§ Work order
From the data below, return only the lines from the one with "simple and classic" through the one with "Runde, flerfarvede sædeunderlag", exact and inclusive, with pictures left out.

------ Information supplied

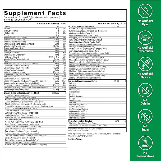 - PACKED WITH 37 FRUITS, VEGETABLES, & SUPERFOODS: Experience better energy and vitality with essential vitamins, and minerals from 40+ superfood ingredients like kale, broccoli, spinach, wheatgrass, berries, turmeric, and more.
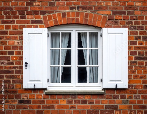 © Bambu, Fototapeta premium A square white-framed window with matching shutters sits centered in a reddish-brown brick wall, simple and classic
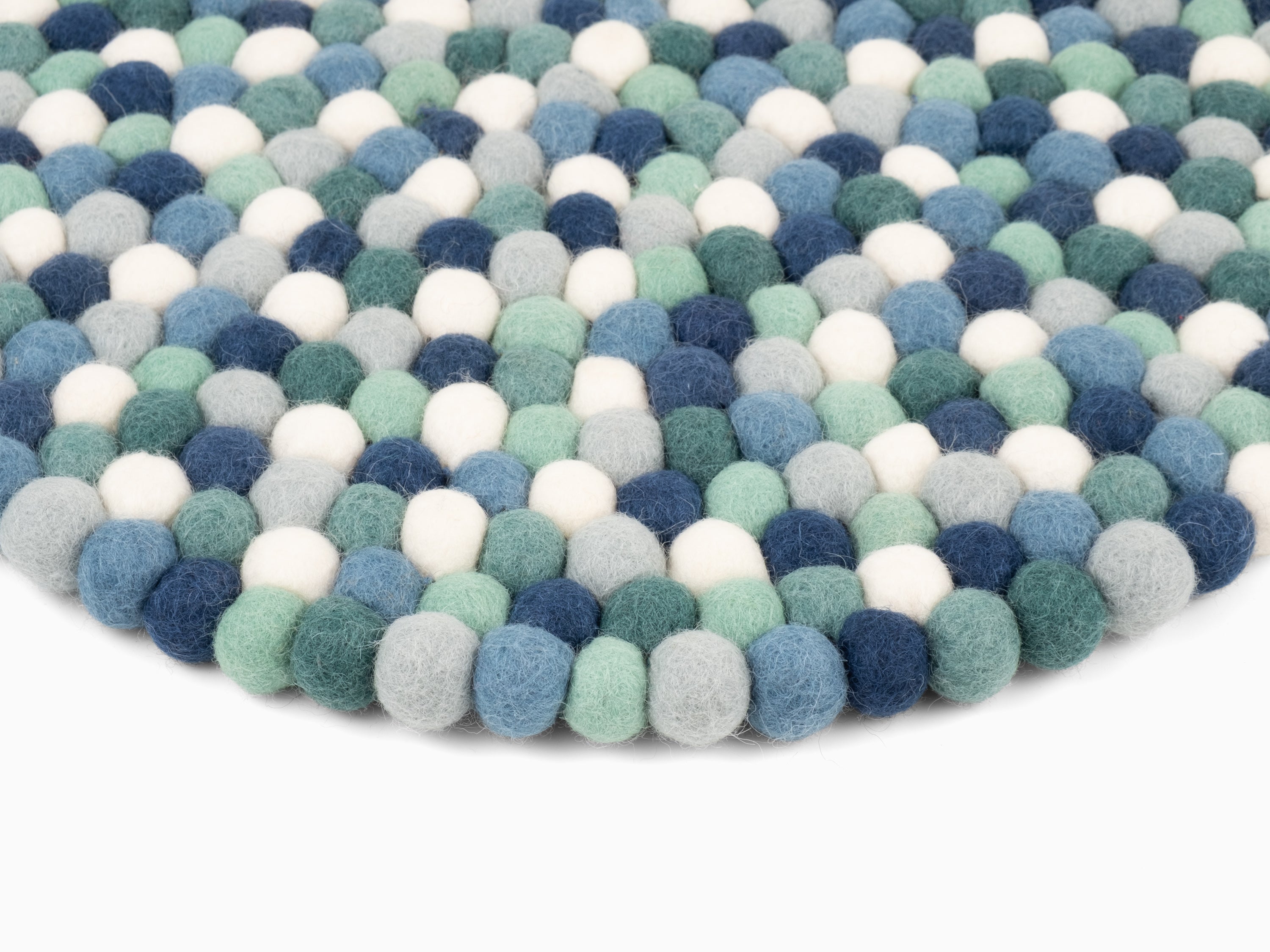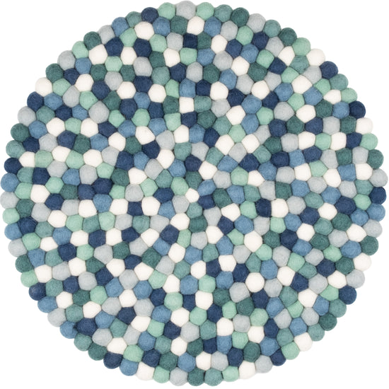 Runde, flerfarvede sædeunderlag af ren ny uld.
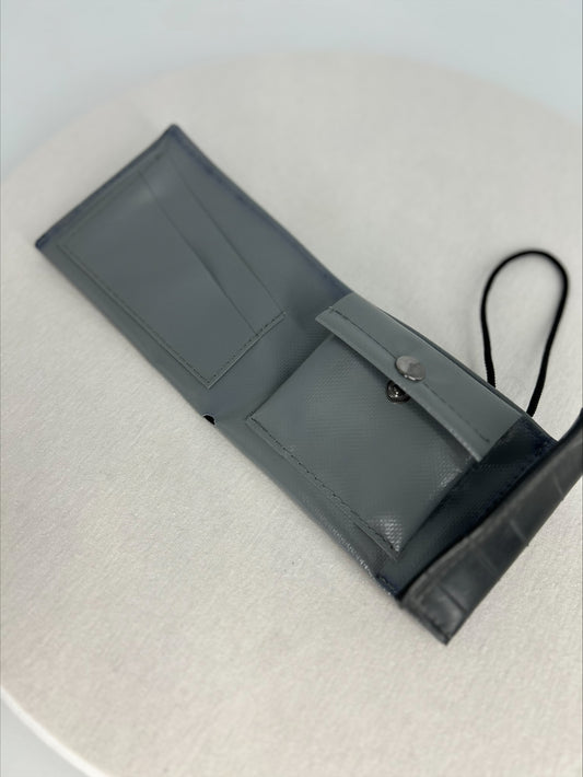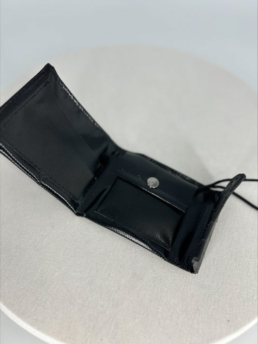 Unser Safe für Groß- und Kleingeld. Aus robusten LKW- Plane, Schlauch und innen mit Stoff harmonisiert. Ausreichend Platz für 6 Karten, Geldscheine und Hartgeld. Extra Münzfach mit Druckknopf verschlossen. Geschlossen wird das Portemonnaie mit einem Spanngummi. Nach ein paar Wochen ist das Portemonnaie "eingearbeitet" und der Spanngummi kann abgemacht werden. Extra kein Klettverschluss, damit dein Pulli verschont bleibt.

------------

§ Exercise answer
 © Bambu, Fototapeta premium A square white-framed window with matching shutters sits centered in a reddish-brown brick wall, simple and classic
 Runde, flerfarvede sædeunderlag af ren ny uld.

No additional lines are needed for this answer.